Labor’s collapse began when the senate rejected Rudd’s emissions trading scheme. Faced with a choice between dissolving parliament and calling an election or dropping the scheme, he chickened out and lost the confidence of the party. Julia Gillard’s support began to slide when she proposed to defer climate change policy to a citizen’s assembly(1). Nearly 70% of the votes she lost went to the Greens(2).
Turnbull, like Rudd, was ousted over the emissions trading scheme, but six months earlier. His support for the scheme split the Liberal party. Just before the first senate vote on the issue, in December last year, he was overthrown by Tony Abbott, who had told his supporters that climate change “is absolute crap”(3). If Abbott manages to form a government, he will reverse the outcome of the 2007 election, in which the Liberal Party was defeated partly because it wouldn’t act on climate change.

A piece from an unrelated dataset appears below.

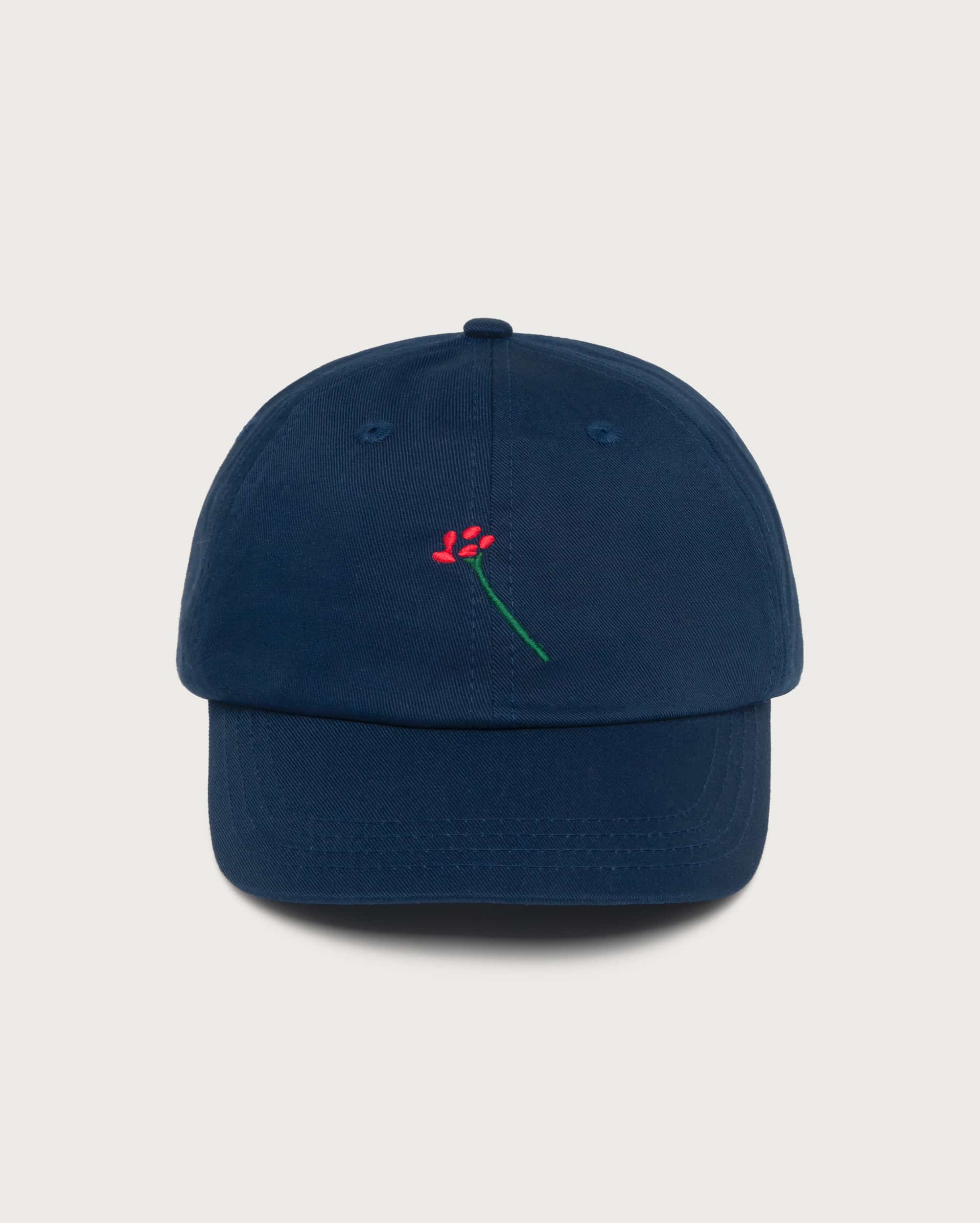 00% ekologisk bomull i denna mörkblå kepa från Thinking Mu med broderad blomma i rött.

It’s not difficult to see why this is a hot issue in Australia. The country has been hammered by drought and bushfires. It also has the highest carbon dioxide emissions per person of any major economy outside the Arabian peninsula. Australians pollute more than Americans, twice as much as people in the UK and four times more than the Chinese(4). Most Australians want to change this, but the coal industry keeps their politicians on a short leash. Like New Labour over here, Rudd and Gillard’s administration was a government of flinchers. It has been punished for appeasing industrial lobbyists and the rightwing press.
Australian politics provides yet more evidence that climate science divides people along political lines. Abbott is no longer an outright denier, though he still insists, in the teeth of the facts, that the world has cooled since 1997(5). Some members of his party go further: Senator Nick Minchin, for example, maintains that “the whole climate change issue is a left-wing conspiracy to deindustrialise the western world”(6). (He has also insisted that cigarettes are not addictive and the link between passive smoking and illness cannot be demonstrated(7)). A recent poll suggests that 38% of politicians in Abbott’s coalition believe that man-made global warming is taking place, by comparison to 89% of Labor’s people(8).
It’s the same story everywhere. At a senatorial hustings in New Hampshire last week, all six Republican candidates denied that man-made climate change is taking place(9). Judging by its recent antics in the Senate and by primary campaigns all over the country, the Republican party appears to be heading towards a unanimous rejection of the science. The ultra-neoliberal Czech president Vaclav Klaus asserts that “global warming is a false myth and every serious person and scientist says so.”(10) The hard-right UK Independence Party may soon be led by Lord Monckton(11), the craziest man in British politics, who claims that action on climate change is a conspiracy to create a communist world government(12). The further to the right you travel, the more likely you are to insist that man-made climate change isn’t happening. Denial has nothing to do with science and everything to do with politics.
In the Telegraph recently, the Conservative Daniel Hannan tried to explain this association. “When presented with a new discovery, we automatically try to press it into our existing belief-system; if it doesn’t fit, we question the discovery before the belief-system.”(13) He’s right. We all do this, and it is also true that in some respects an antagonism to climate science is consistent with right-wing – and especially neoliberal – politics. The philosophy of the new right is summarised by this chilling statement from Vaclav Klaus. “Human wants are unlimited and should stay so.”(14)
But right-wing denial also leads to perverse outcomes. In a desperate attempt to appease the deniers in his party, Malcolm Turnbull proposed handing £70bn to industry to soften the impacts of acting on climate change(15). Rudd’s trading scheme, by contrast, was more or less self-financing. Tony Abbott intends to lavish subsidies on polluting companies without demanding any corresponding obligations(16). State handouts? Rights without responsibilities? When did these become conservative policies?
Since way back. In the US the Republicans also favour green incentives for industry, without caps or regulation. Worldwide, subsidies for fossil fuels are twelve times greater than subsidies for renewable energy(17). Many of the most generous hand-outs are awarded by right-wing governments (think of the money lavished on the oil industry under George W Bush(18)).
Yes, man-made climate change denial is about politics, but it’s more pragmatic than ideological. The politics have been shaped around the demands of industrial lobby groups, which happen, in many cases, to fund those who articulate them. Right-wingers are making monkeys of themselves over climate change not just because their beliefs take precedence over the evidence, but also because their interests take precedence over their beliefs.